═════ Source records ═════
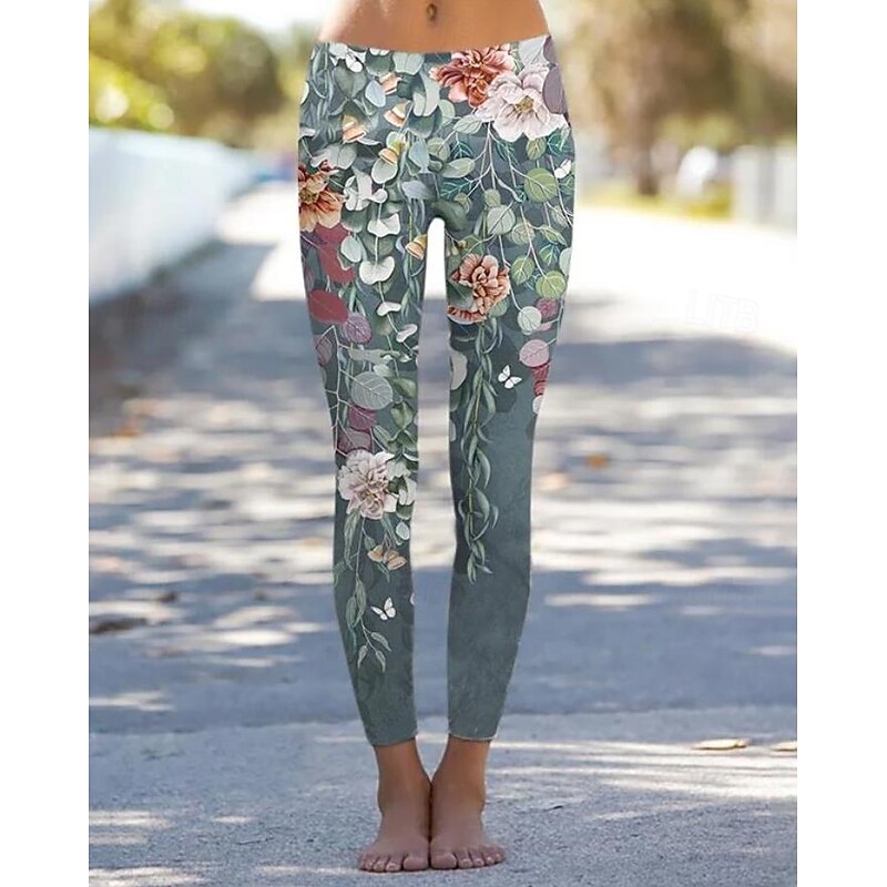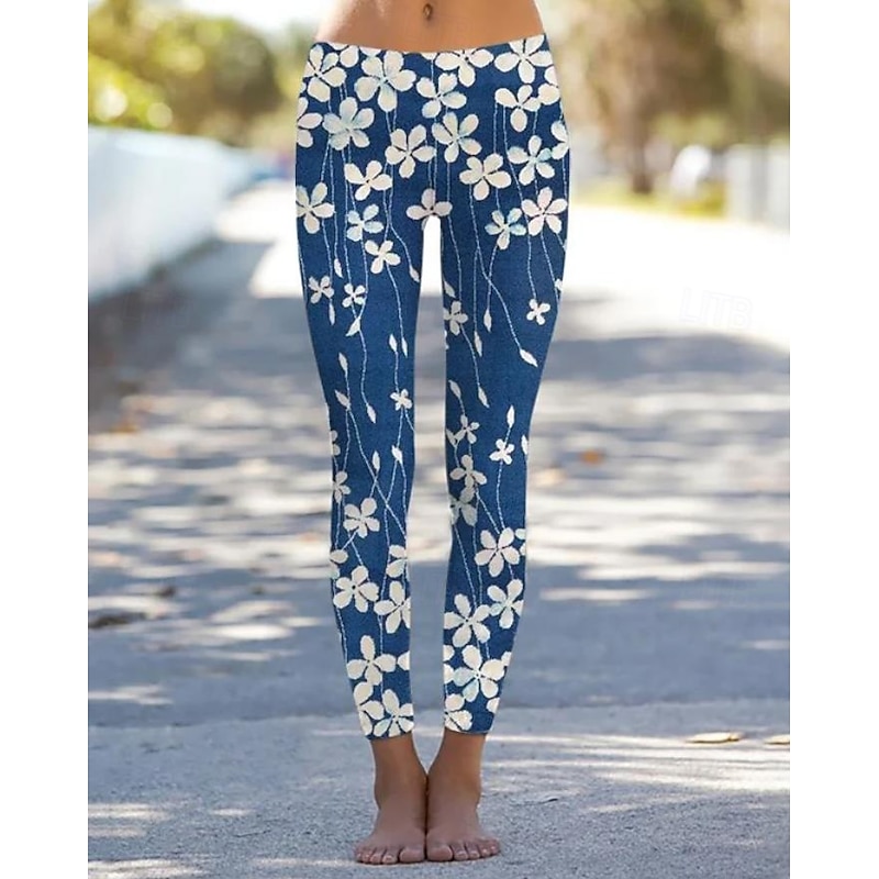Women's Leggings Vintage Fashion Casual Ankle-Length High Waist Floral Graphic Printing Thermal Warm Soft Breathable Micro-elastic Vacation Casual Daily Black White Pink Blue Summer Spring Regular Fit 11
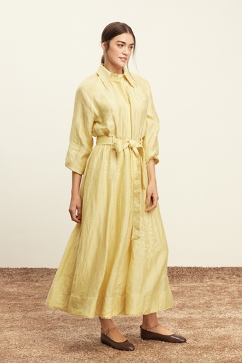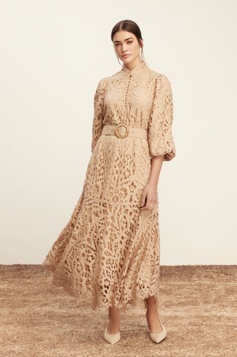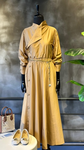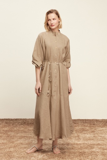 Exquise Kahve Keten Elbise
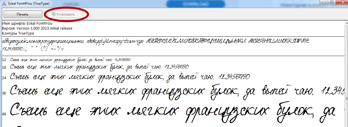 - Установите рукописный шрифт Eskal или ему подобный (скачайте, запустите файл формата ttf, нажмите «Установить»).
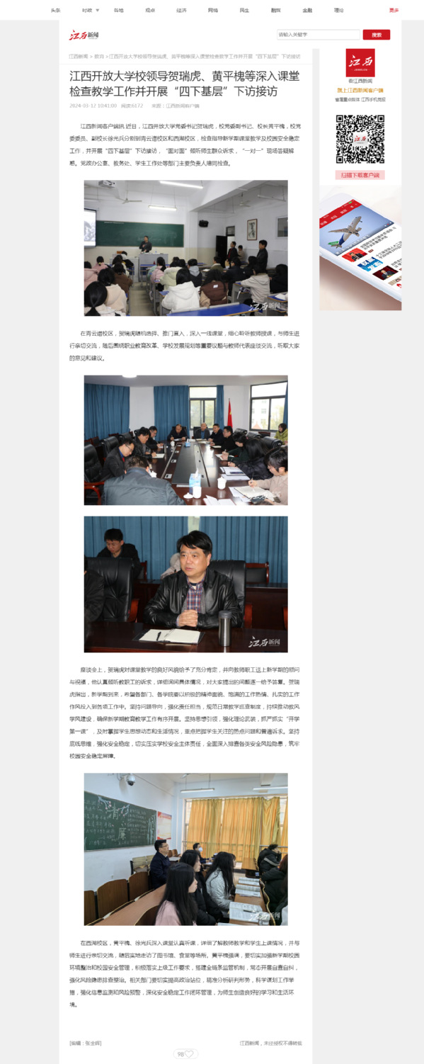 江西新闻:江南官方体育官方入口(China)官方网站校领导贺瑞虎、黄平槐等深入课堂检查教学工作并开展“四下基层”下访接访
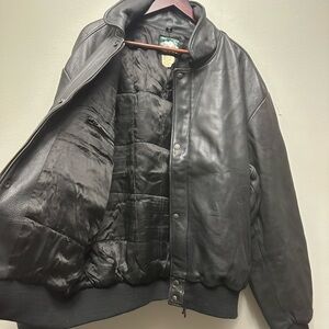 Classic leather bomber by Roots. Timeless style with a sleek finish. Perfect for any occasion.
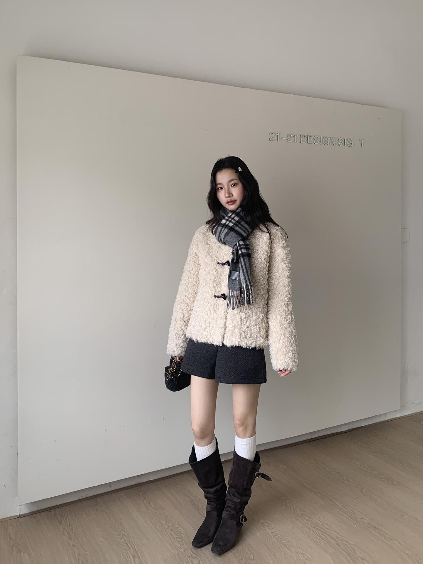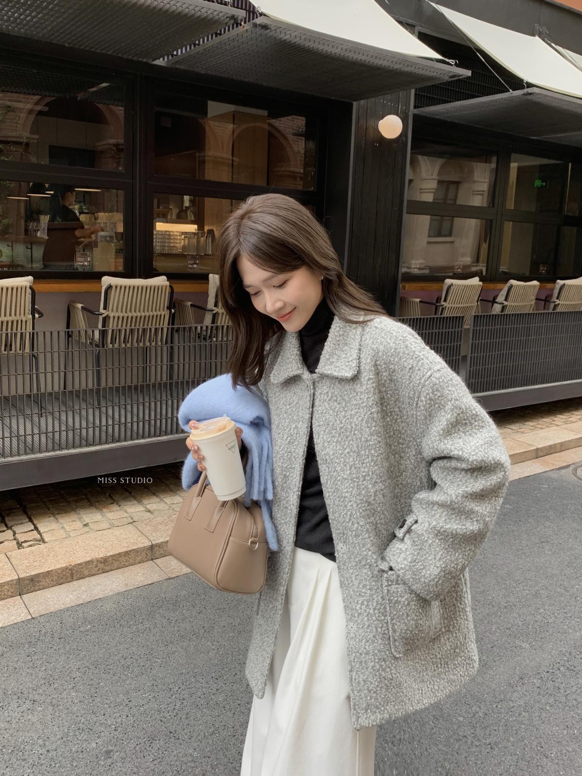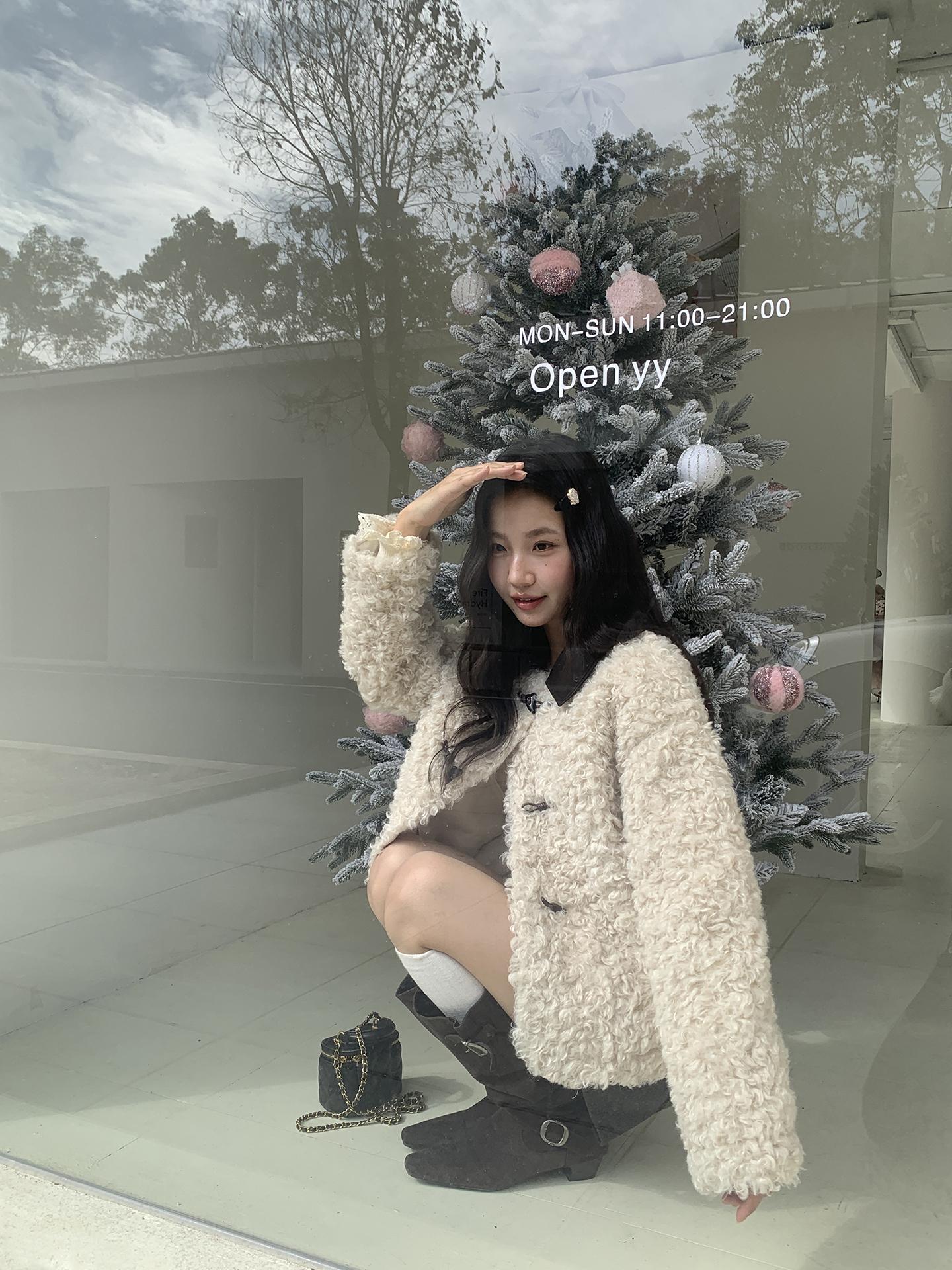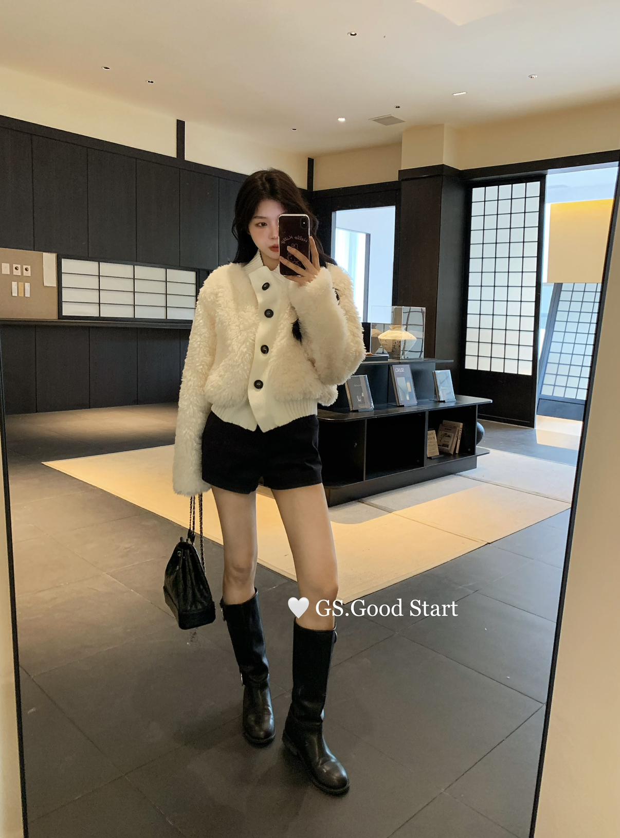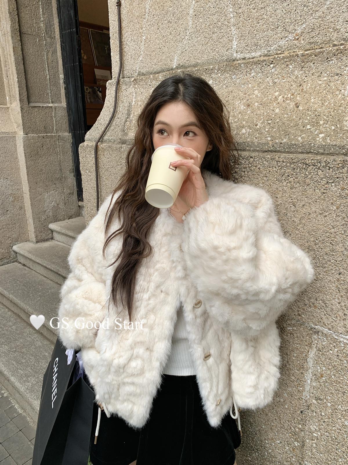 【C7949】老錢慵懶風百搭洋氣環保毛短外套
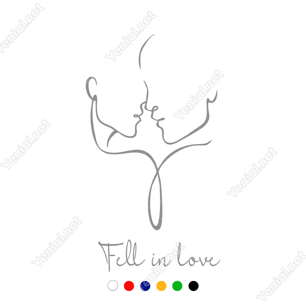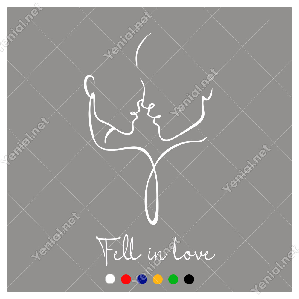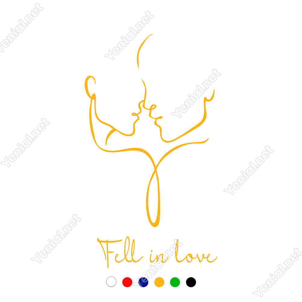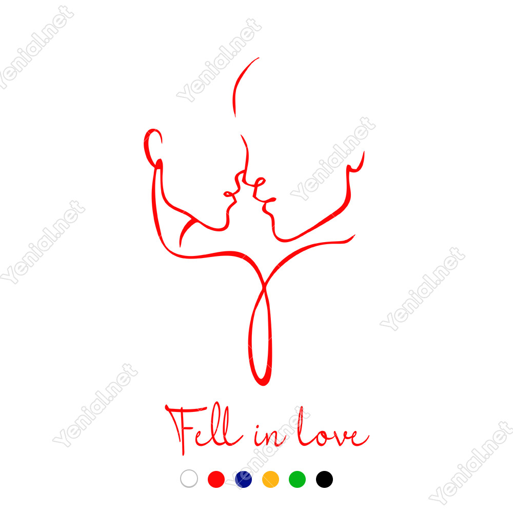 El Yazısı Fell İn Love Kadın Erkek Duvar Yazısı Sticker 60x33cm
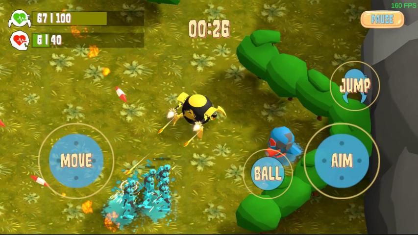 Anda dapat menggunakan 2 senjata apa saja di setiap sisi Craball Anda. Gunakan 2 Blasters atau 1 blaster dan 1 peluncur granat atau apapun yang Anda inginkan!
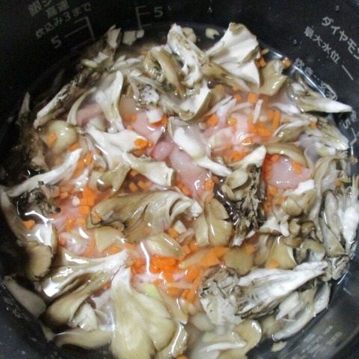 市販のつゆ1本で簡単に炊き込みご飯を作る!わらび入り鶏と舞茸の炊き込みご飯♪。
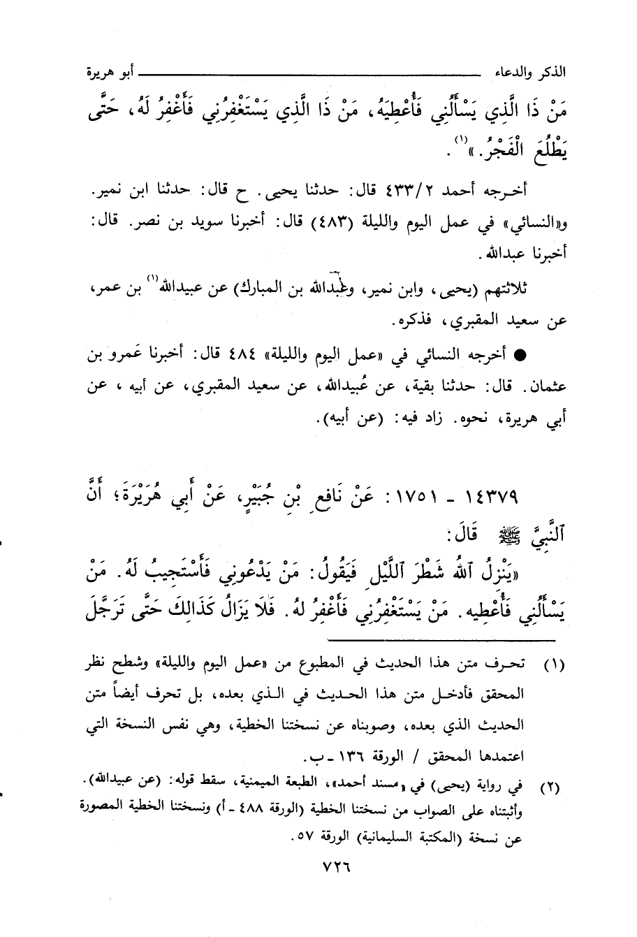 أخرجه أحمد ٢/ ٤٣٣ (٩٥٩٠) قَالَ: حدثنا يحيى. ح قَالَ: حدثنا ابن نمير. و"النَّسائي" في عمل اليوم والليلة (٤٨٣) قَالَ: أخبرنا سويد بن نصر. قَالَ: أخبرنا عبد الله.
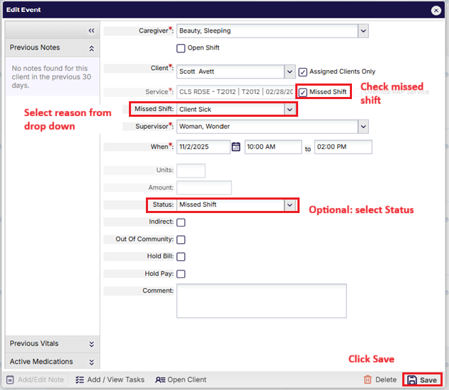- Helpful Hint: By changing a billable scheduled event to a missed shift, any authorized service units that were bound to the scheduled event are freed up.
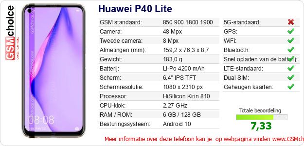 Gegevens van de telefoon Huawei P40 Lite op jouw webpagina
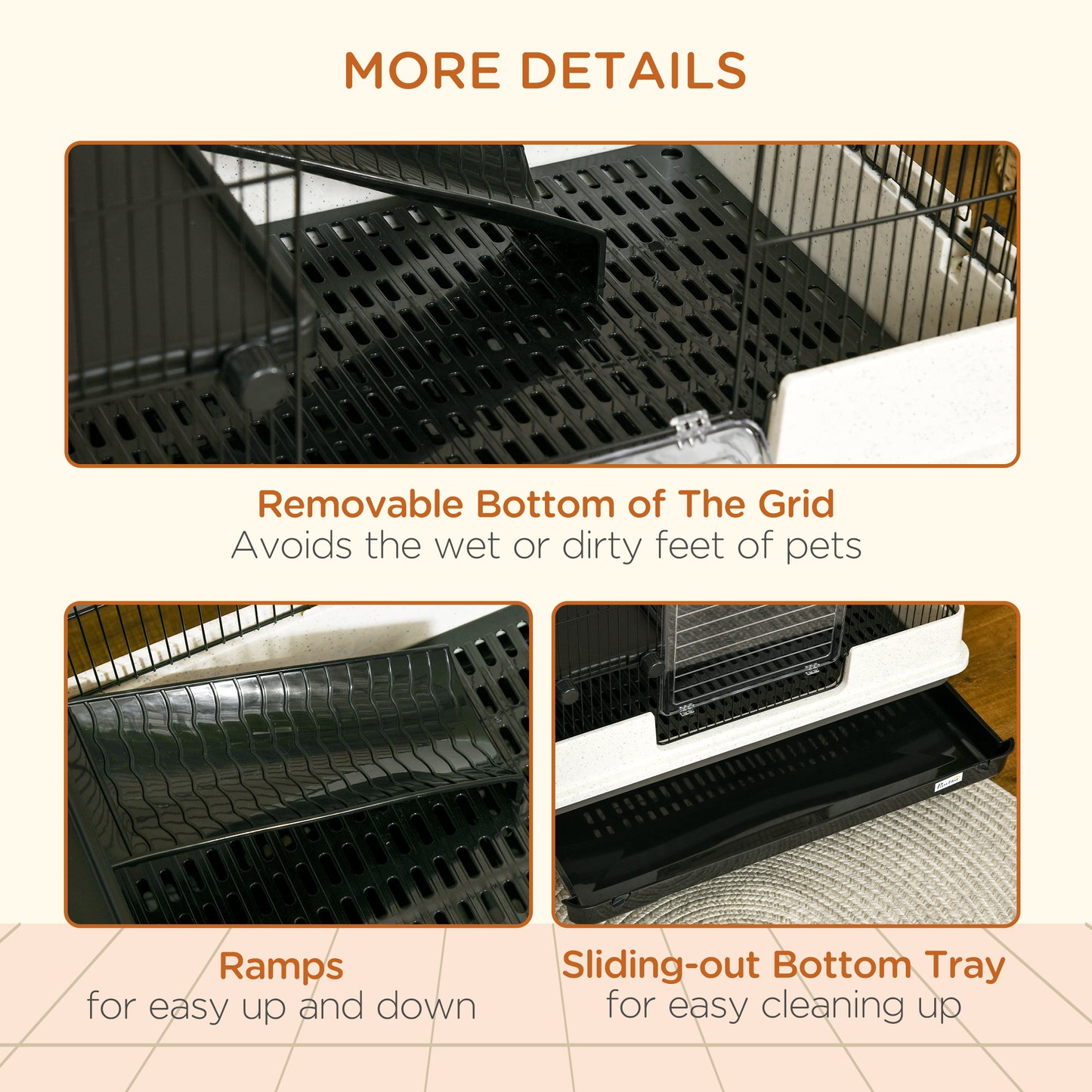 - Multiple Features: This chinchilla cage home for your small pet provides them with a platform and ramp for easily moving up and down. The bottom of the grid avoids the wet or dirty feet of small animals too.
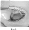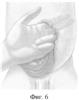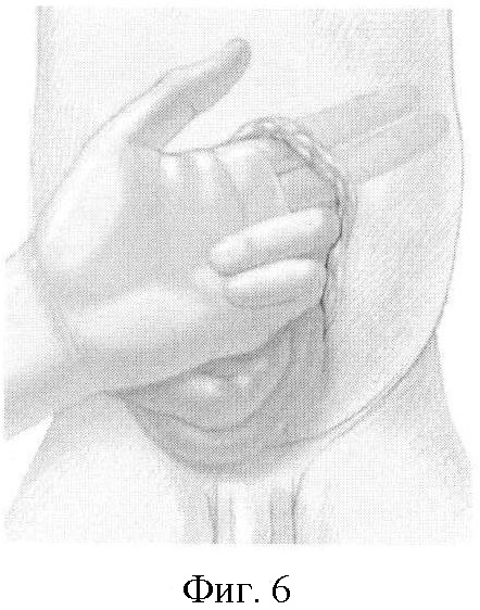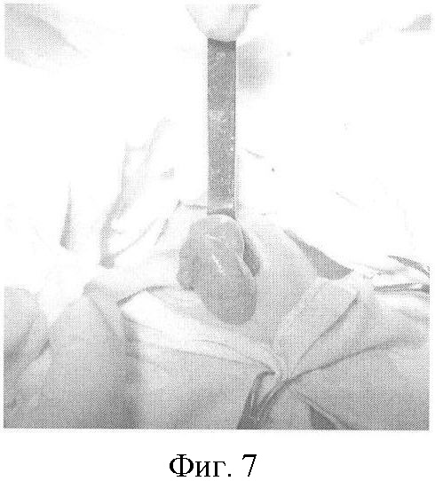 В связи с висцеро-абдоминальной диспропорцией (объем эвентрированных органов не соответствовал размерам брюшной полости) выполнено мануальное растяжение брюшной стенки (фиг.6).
═════
Problem details
Drop the pictures and give every line above again exactly.

Problem solution
Women's Leggings Vintage Fashion Casual Ankle-Length High Waist Floral Graphic Printing Thermal Warm Soft Breathable Micro-elastic Vacation Casual Daily Black White Pink Blue Summer Spring Regular Fit 11
 Exquise Kahve Keten Elbise
 - Установите рукописный шрифт Eskal или ему подобный (скачайте, запустите файл формата ttf, нажмите «Установить»).
 江西新闻:江南官方体育官方入口(China)官方网站校领导贺瑞虎、黄平槐等深入课堂检查教学工作并开展“四下基层”下访接访
 Classic leather bomber by Roots. Timeless style with a sleek finish. Perfect for any occasion.
 【C7949】老錢慵懶風百搭洋氣環保毛短外套
 El Yazısı Fell İn Love Kadın Erkek Duvar Yazısı Sticker 60x33cm
 Anda dapat menggunakan 2 senjata apa saja di setiap sisi Craball Anda. Gunakan 2 Blasters atau 1 blaster dan 1 peluncur granat atau apapun yang Anda inginkan!
 市販のつゆ1本で簡単に炊き込みご飯を作る!わらび入り鶏と舞茸の炊き込みご飯♪。
 أخرجه أحمد ٢/ ٤٣٣ (٩٥٩٠) قَالَ: حدثنا يحيى. ح قَالَ: حدثنا ابن نمير. و"النَّسائي" في عمل اليوم والليلة (٤٨٣) قَالَ: أخبرنا سويد بن نصر. قَالَ: أخبرنا عبد الله.
- Helpful Hint: By changing a billable scheduled event to a missed shift, any authorized service units that were bound to the scheduled event are freed up.
 Gegevens van de telefoon Huawei P40 Lite op jouw webpagina
 - Multiple Features: This chinchilla cage home for your small pet provides them with a platform and ramp for easily moving up and down. The bottom of the grid avoids the wet or dirty feet of small animals too.
 В связи с висцеро-абдоминальной диспропорцией (объем эвентрированных органов не соответствовал размерам брюшной полости) выполнено мануальное растяжение брюшной стенки (фиг.6).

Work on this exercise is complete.